==== THE RECORDS

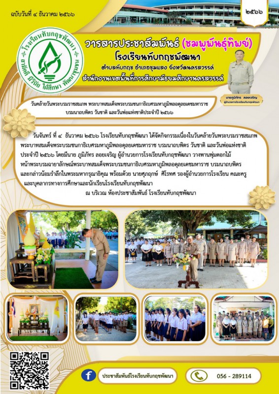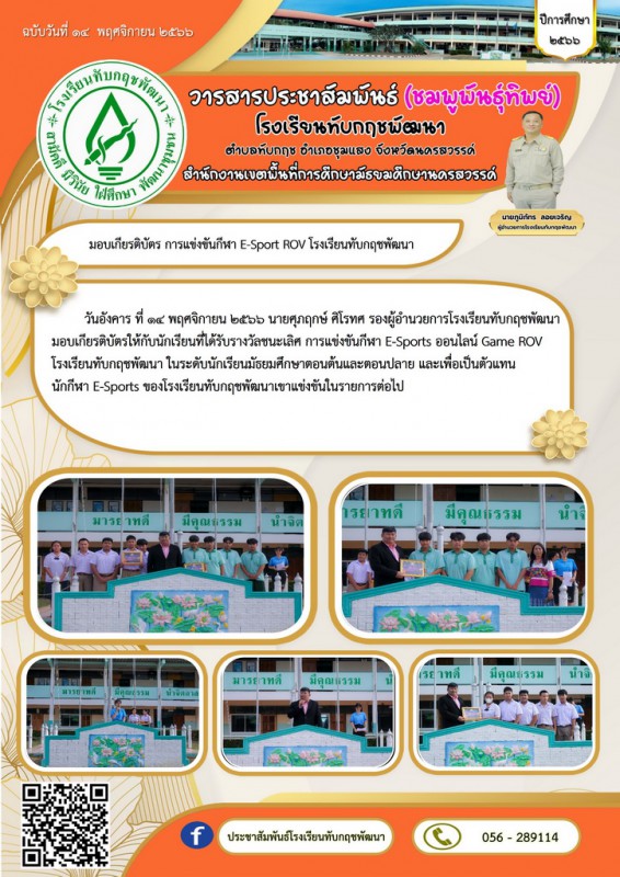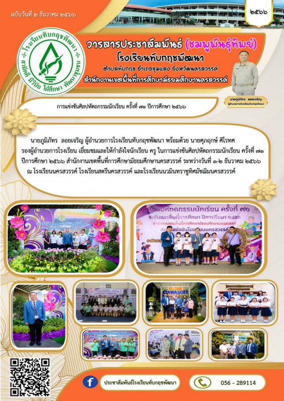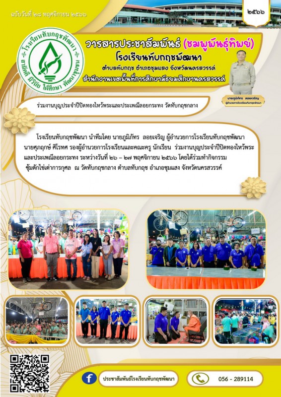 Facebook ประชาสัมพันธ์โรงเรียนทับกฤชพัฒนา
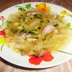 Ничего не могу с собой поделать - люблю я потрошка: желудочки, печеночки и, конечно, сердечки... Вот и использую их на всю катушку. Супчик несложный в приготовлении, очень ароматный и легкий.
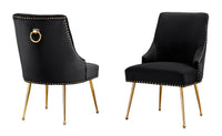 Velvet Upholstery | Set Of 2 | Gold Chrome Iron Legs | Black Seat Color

========
==== THE RECORDS

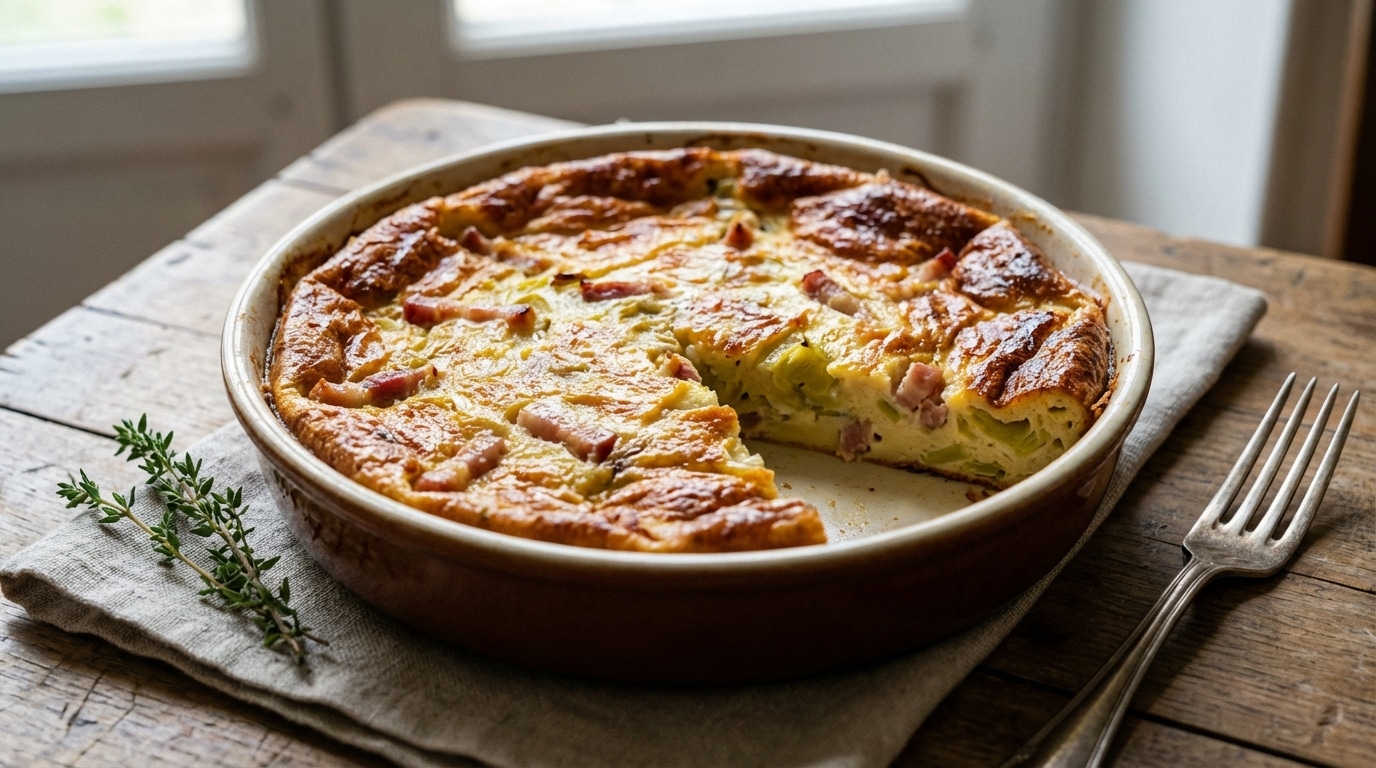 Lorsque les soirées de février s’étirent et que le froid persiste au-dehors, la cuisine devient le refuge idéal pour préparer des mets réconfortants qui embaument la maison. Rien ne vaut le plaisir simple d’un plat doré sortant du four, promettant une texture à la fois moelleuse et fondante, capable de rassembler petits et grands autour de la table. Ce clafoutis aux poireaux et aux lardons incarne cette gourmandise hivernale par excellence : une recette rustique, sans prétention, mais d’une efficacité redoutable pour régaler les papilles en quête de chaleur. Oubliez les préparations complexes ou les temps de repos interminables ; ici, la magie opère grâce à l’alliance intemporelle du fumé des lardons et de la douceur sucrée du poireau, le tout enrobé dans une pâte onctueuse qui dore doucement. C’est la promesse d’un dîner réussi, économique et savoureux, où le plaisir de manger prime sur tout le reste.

========
==== THE RECORDS

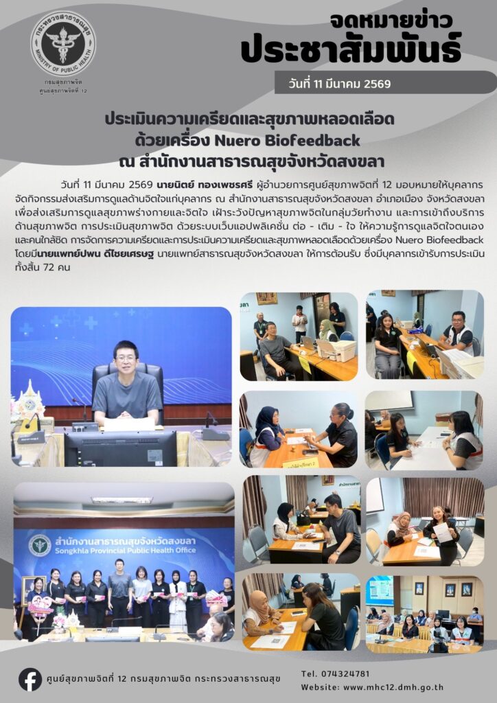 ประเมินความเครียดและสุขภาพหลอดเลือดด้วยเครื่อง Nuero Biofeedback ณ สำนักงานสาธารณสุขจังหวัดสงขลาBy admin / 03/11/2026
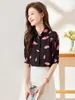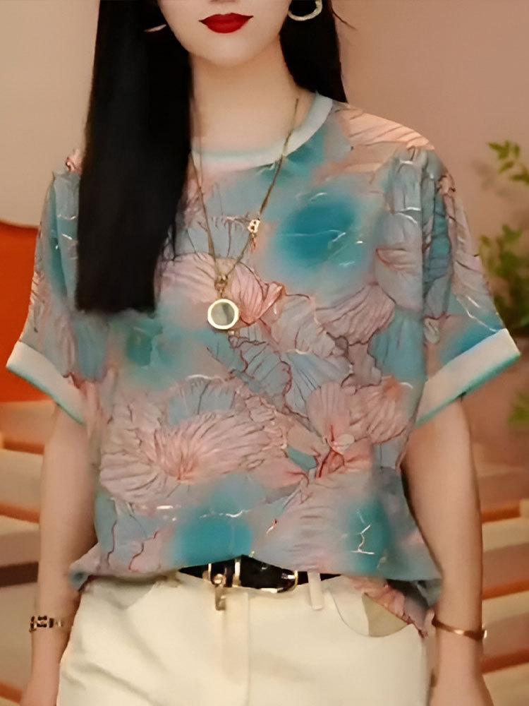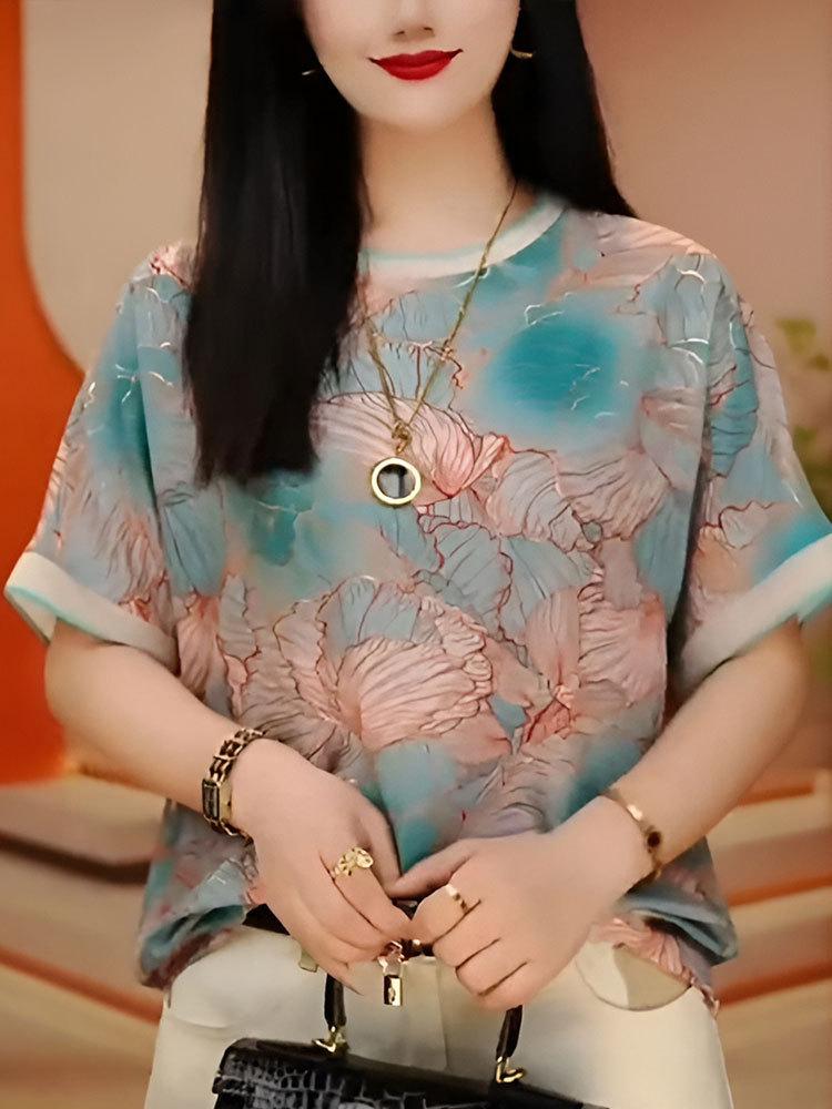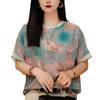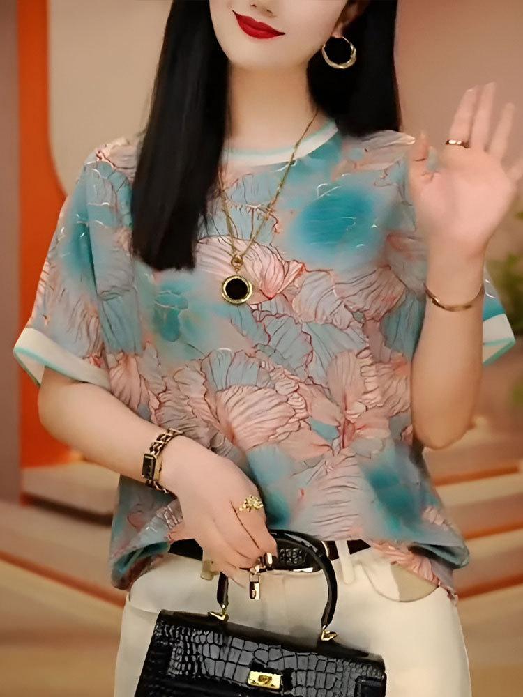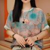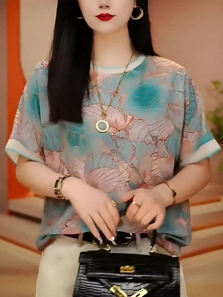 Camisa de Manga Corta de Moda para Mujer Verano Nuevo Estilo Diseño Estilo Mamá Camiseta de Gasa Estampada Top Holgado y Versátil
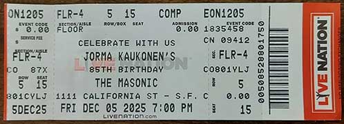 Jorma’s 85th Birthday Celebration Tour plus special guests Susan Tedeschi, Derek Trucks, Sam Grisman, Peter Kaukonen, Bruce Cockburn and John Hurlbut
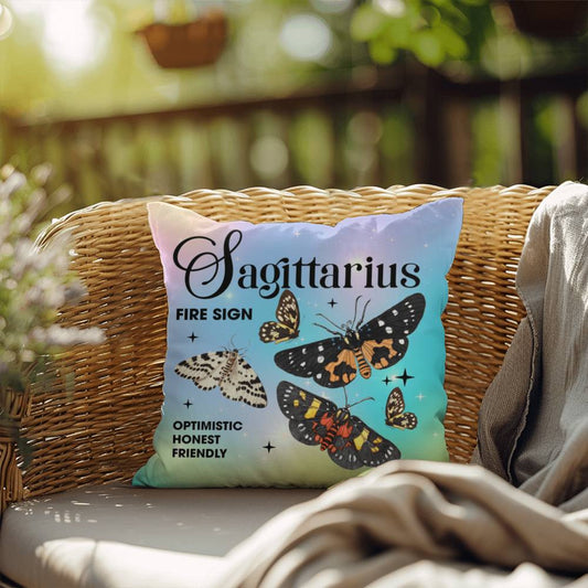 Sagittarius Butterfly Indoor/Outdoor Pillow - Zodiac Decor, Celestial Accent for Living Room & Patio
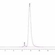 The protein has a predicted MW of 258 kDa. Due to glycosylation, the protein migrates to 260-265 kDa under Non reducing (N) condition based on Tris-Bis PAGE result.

========

AIM OF THE TASK ->
From the records above, extract the lines from the one holding "Ничего не могу" through the one holding "Velvet Upholstery |", word for word; omit the pictures.

ANSWER BOX ->
 Ничего не могу с собой поделать - люблю я потрошка: желудочки, печеночки и, конечно, сердечки... Вот и использую их на всю катушку. Супчик несложный в приготовлении, очень ароматный и легкий.
 Velvet Upholstery | Set Of 2 | Gold Chrome Iron Legs | Black Seat Color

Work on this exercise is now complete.